Cooper Webb 2

Hometown: Newport, North Carolina

Current Residence: Menifee, California

Birthdate: November 10, 1995


Team Name: Monster Energy/Yamalube/Chaparral/Yamaha Financial Services/Yamaha Factory Racing

  • Manufacturer – Yamaha
  • Team Manager – Jim Perry
  • Mechanic – Eric Gass


Turned Pro: 2013

Best Career Season Result: 2015 & 2016 250SX Western Regional Champion

2017 Season Result: 13th


Racing Accolades:

  • Earned first career podium year in rookie 450SX Class season
  • 2015 and 2016 250SX Western Regional Champion
  • Became the 12th back-to-back champion in 250SX Class history
  • 11 career 250SX Class wins in just 26 career starts (winning percentage of 42%)
  • 2016 AMA Pro Motocross 250 Class Champion
  • Team Captain – Team USA, 2016 Motocross of Nations
  • Member of Team USA during runner-up finish at 2016 Motocross of Nations
  • 2014 Monster Energy Supercross Rookie of the Year
  • 2010 AMA Youth Motocrosser of the Year

Lifestyle and General Interest Profile:

  • Arguably the sport’s brightest rising star
  • Brash and undeterred with unwavering confidence
  • Considered a “throwback” rider, embodying many of the outspoken, hard-nosed traits of riders from the early era of the sport
  • Wears the number 2, made famous by Jeremy McGrath, the most successful supercross rider in history, affectionately known as “The King,” and Ryan Villopoto, who won four consecutive Monster Energy Supercross titles from 2011-2014
  • Father was a professional surfer and parents own a surf shop in North Carolina.
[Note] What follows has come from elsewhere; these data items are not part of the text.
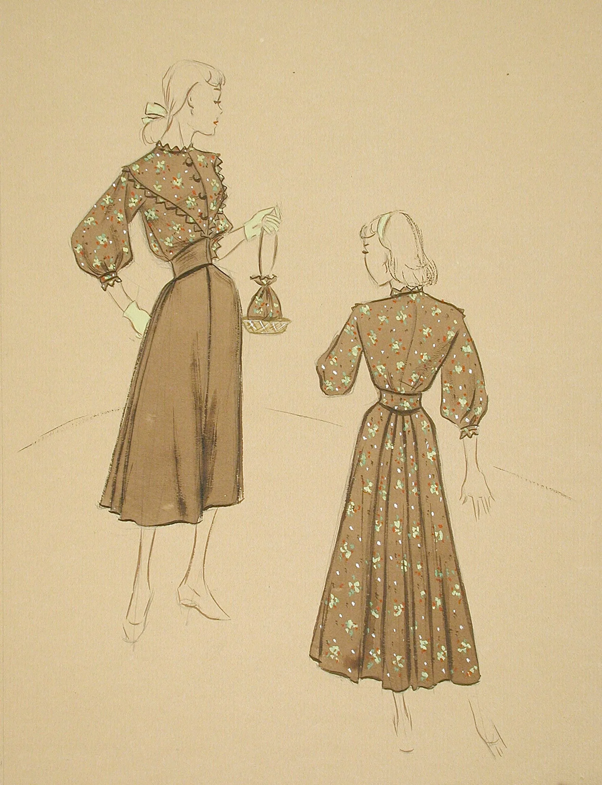Fashion illustration in ink and watercolor on sand-colored paper, two rear views of a woman in a floral blouse and flared skirt, loose gestural lines
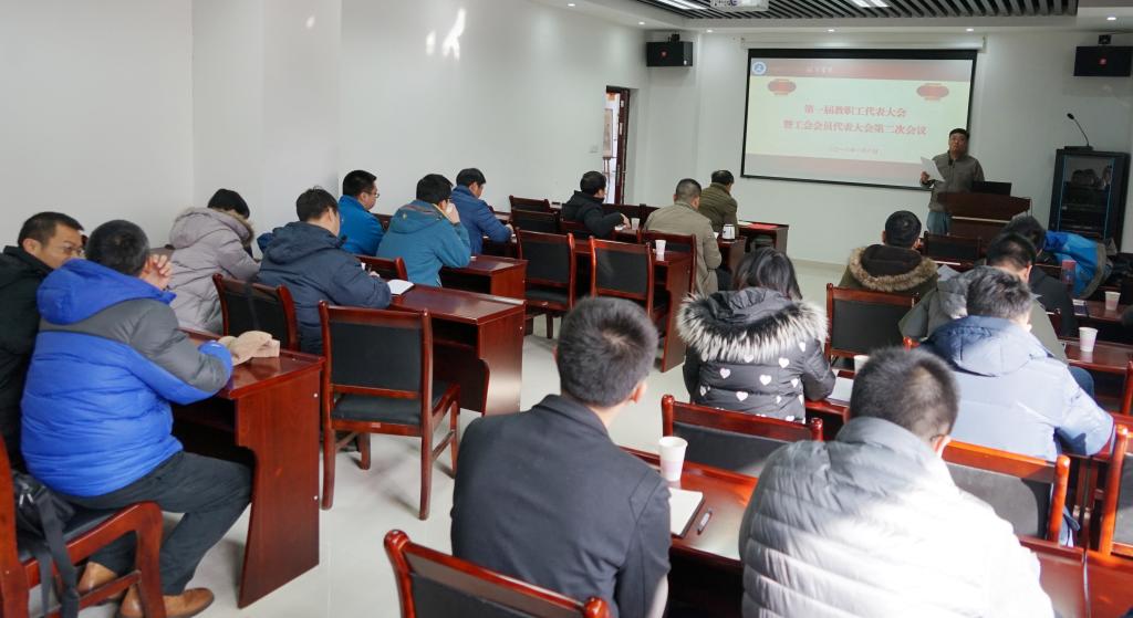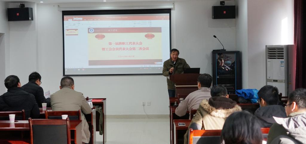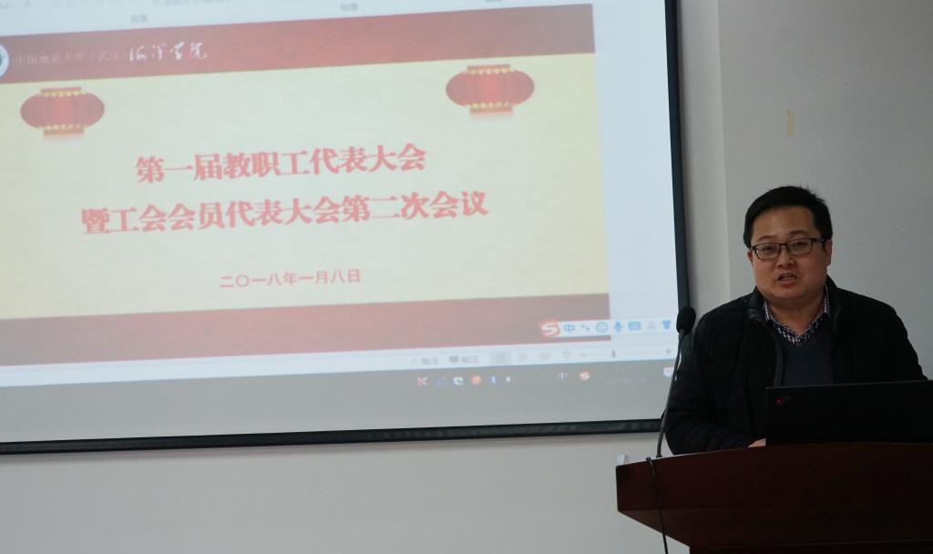2018年1月8日,探花视频 (武汉)海洋学院第一届教职工大会第二次会议暨第一届工会会员大会第二次会议在丝绸之路学院105室隆重开幕,会议由院党委书记解习农同志主持,工会副主席高复阳同志到会祝贺并致贺词。
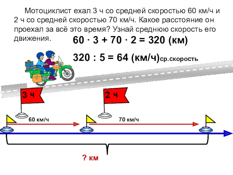 60 ∙ 3 + 70 ∙ 2 = 320 (км)
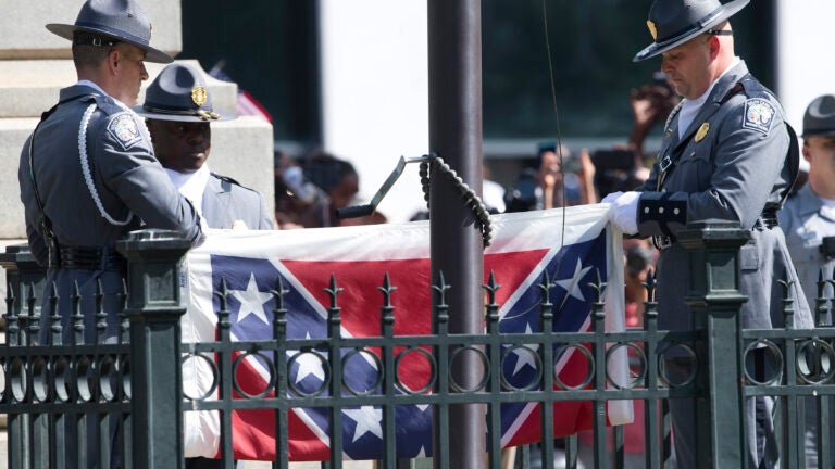 Amid a largely cheering crowd, the flag was removed from atop a 30-foot pole at 10 a.m. after state lawmakers passed a bill calling for its removal. The stars-and-bars flag was then folded per custom and escorted toward a nearby museum.
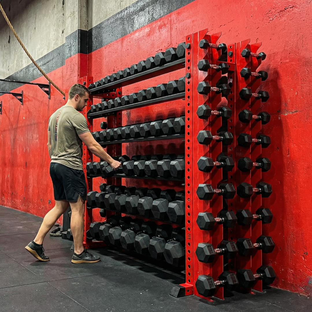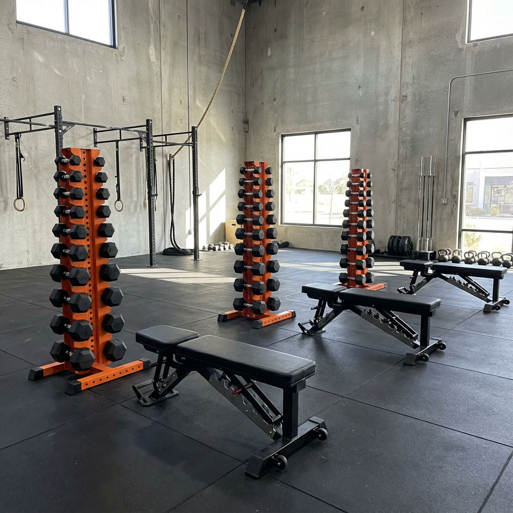 - Keep plates, dumbbells, and kettlebells easily accessible

Cooper is passionate about the discipline as well
  • Quickly becoming a homegrown star in the greater Charlotte area and throughout North Carolina
  • Raced alongside two-time Monster Energy Supercross Champion and international legend Chad Reed during his rookie 450SX Class season
  • Webb’s and Reed’s racing numbers are “2” and “22,” respectively

2017 Season Recap:

Webb entered his rookie season carrying legitimate talent into the premier division. The brash North Carolina native earned his first career 450SX podium at round 5 in Oakland before a shoulder injury sidelined him for five races. Webb returned to racing after the halfway point and gathered three top 10 finishes which was good enough for 13th overall. As Webb continues to acclimate to the bigger bike, longer season and more experienced competitors, he’s as big of a wild card as they come and wouldn’t surprise anyone if he comes back stronger next season.